Starting an issue to track things I see when running this pipeline on real data that don't rise to the level of actual bugs, but that could be worth a fixing just to make things a bit smoother.

[x] 1. The pipeline leaves a lot of empty directories around as temp/intermediate files get deleted. Not sure how much we care about this, but to me it is a bit annoying.
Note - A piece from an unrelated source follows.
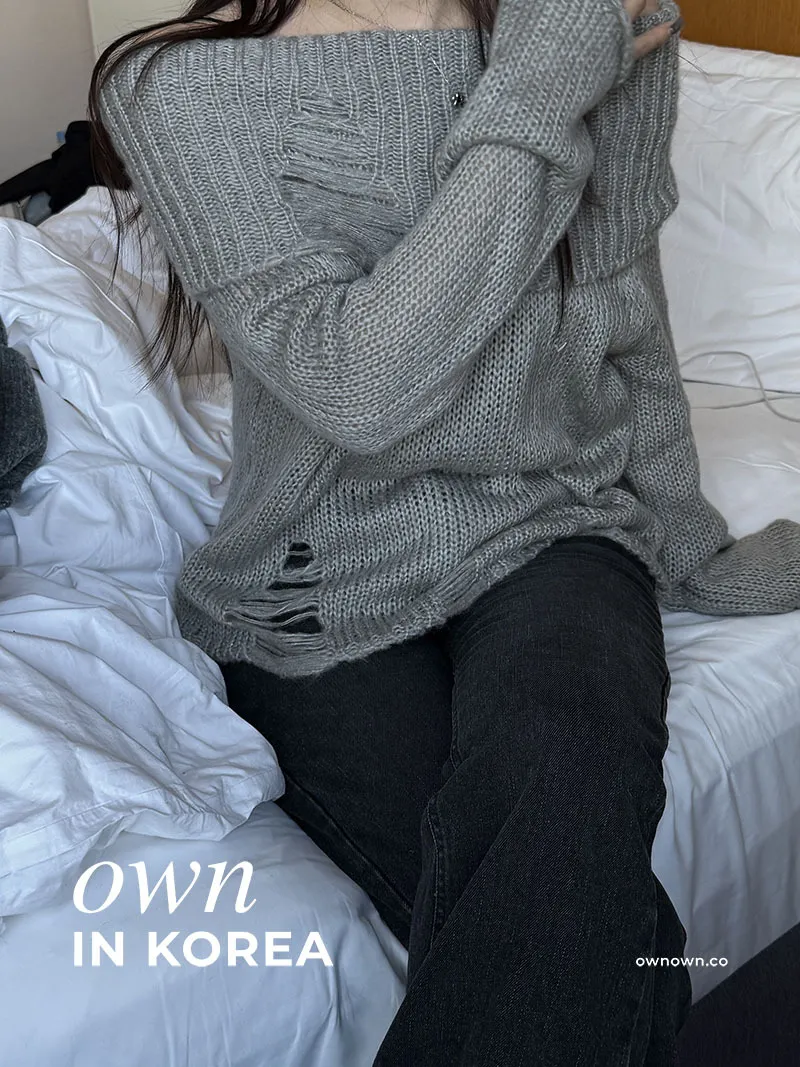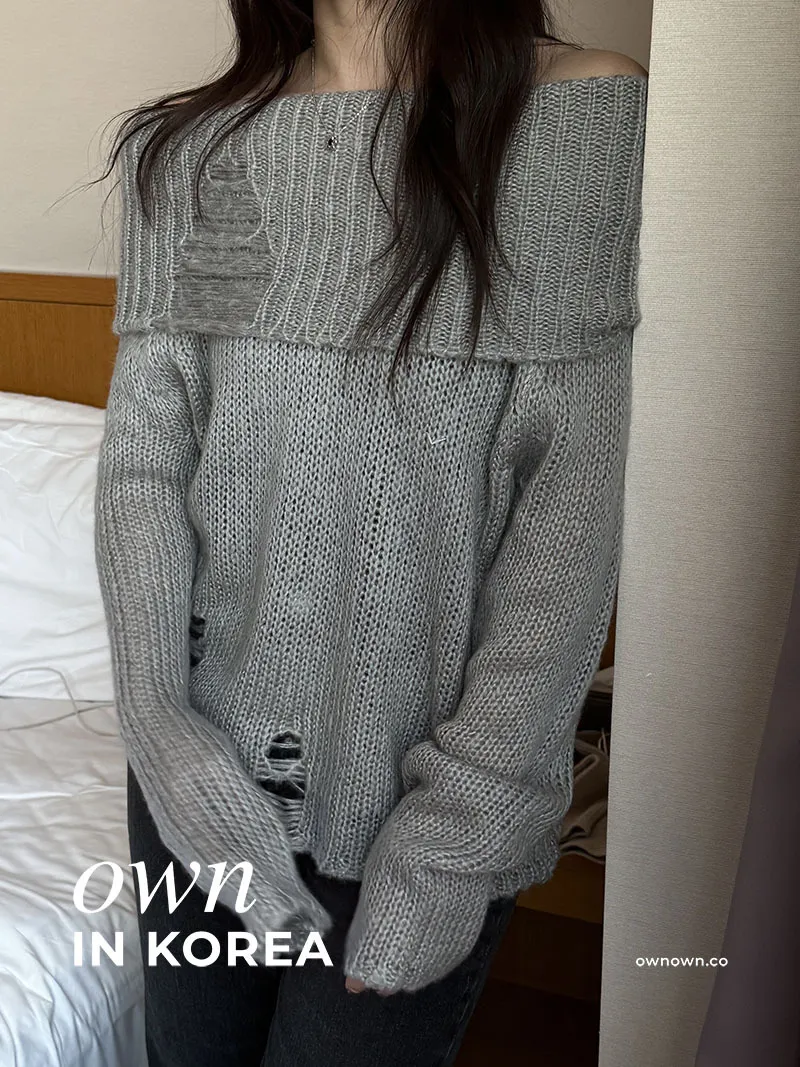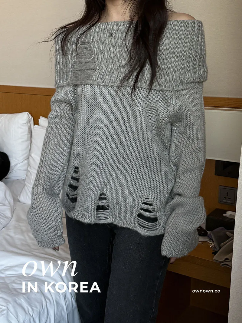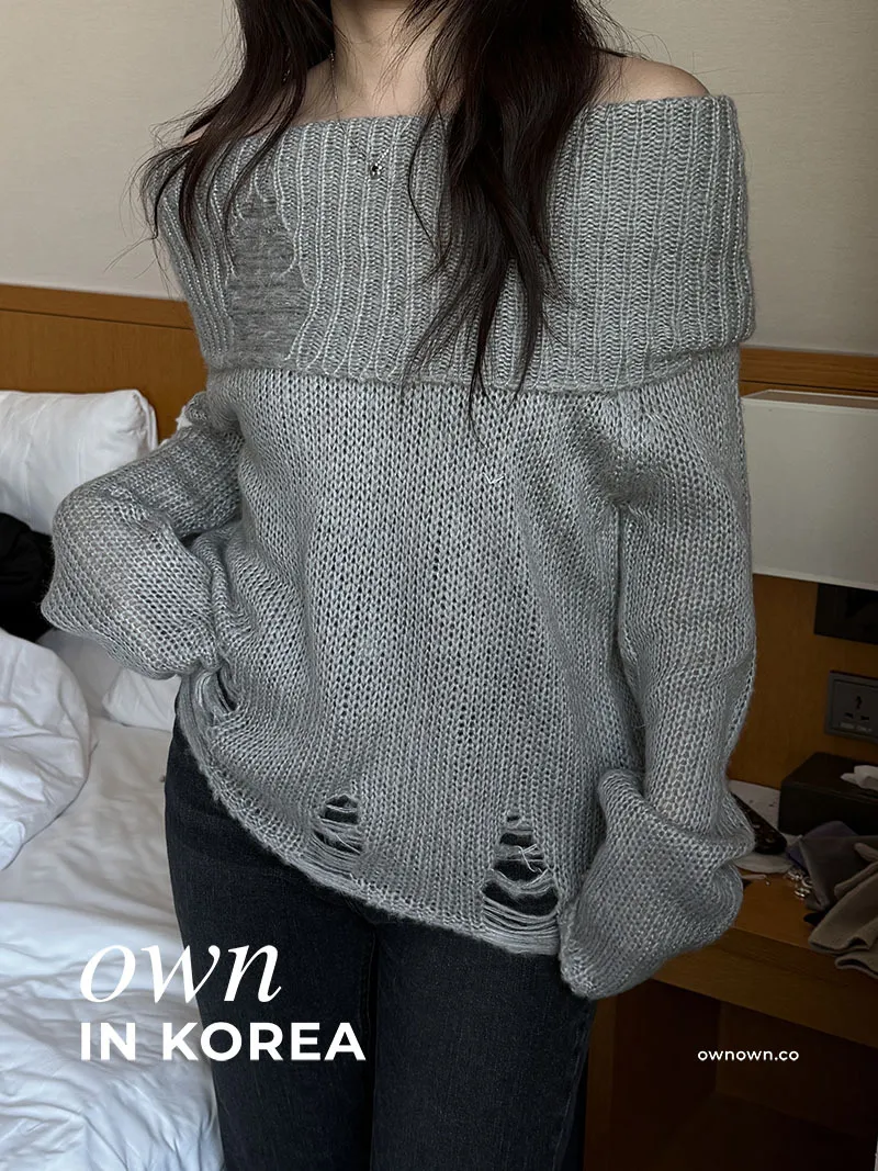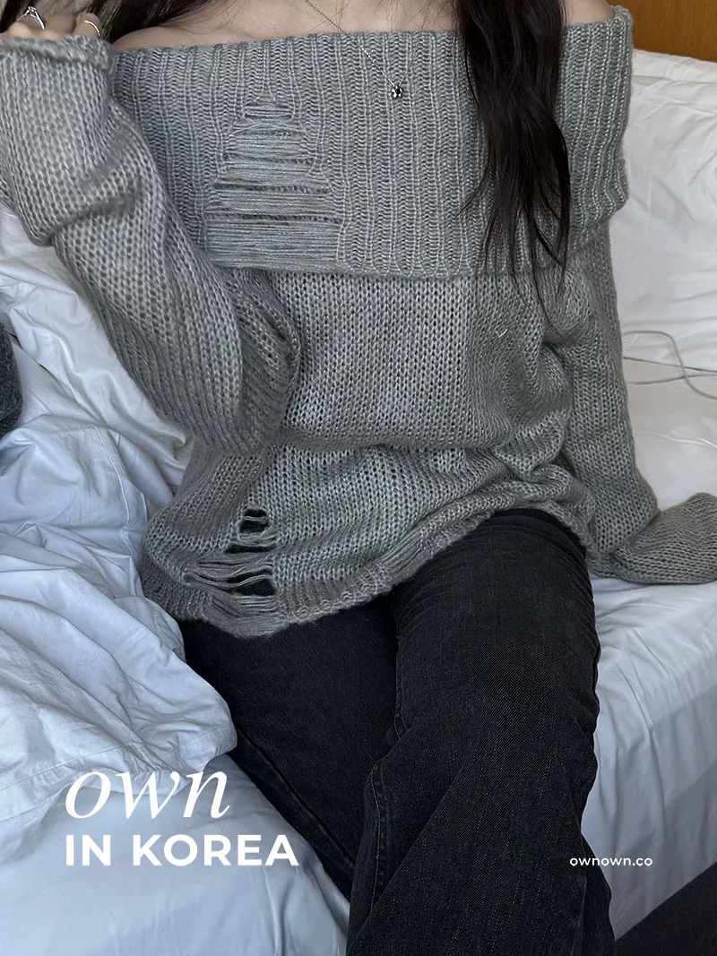 【正韓連線】KR26 壞壞惹人愛 刷破一字領針織上衣

In particular:
- 00_fastqFiltered will be empty after bam creation finishes
- 01_mappedReads/postMerge and 01_mappedReads/preMerge will be empty after bam creation finishes
- the 02_bamStats is not particularly well organized and has both top-level and per-BioSample output.
[x] 2. Some resource requirements could be retuned, usually by increasing memory or adding a memory increment on failure:
- genmap_map is consistently getting oom-killed with 1Gb of RAM
- dedup occasionally oom-killed even with 9Gb of RAM, but these get caught on retry with increasing mem
[x] 3. Some log files are broken:
- rule dedup: the BuildBamIndex logging overwrites the MarkDuplicates logging. I am seeing a lot of "Error in executing rule dedup" but can't track down what the error is due to this. From slurm logs some of this may be memory related.
[x] 4. Some rules consistently have to be retried; while they seem to complete in the end it might be nice to figure out the issues (could be cluster-specific, though, e.g. using serial-requeue):
- dedup has this issue but may be memory related
- bam2gvcf has this issue but always seems to finish on retry; could be intermittent I/O issues (common on our cluster) or requeuing

So far nothing here seems to prevent the pipeline from continuing (except the genmap_map step which has not finished and needs to have a memory increment added). If everyone can add notes here for little things like this to just generally improve smoothness, we can start clearing these in bugfix as people have time.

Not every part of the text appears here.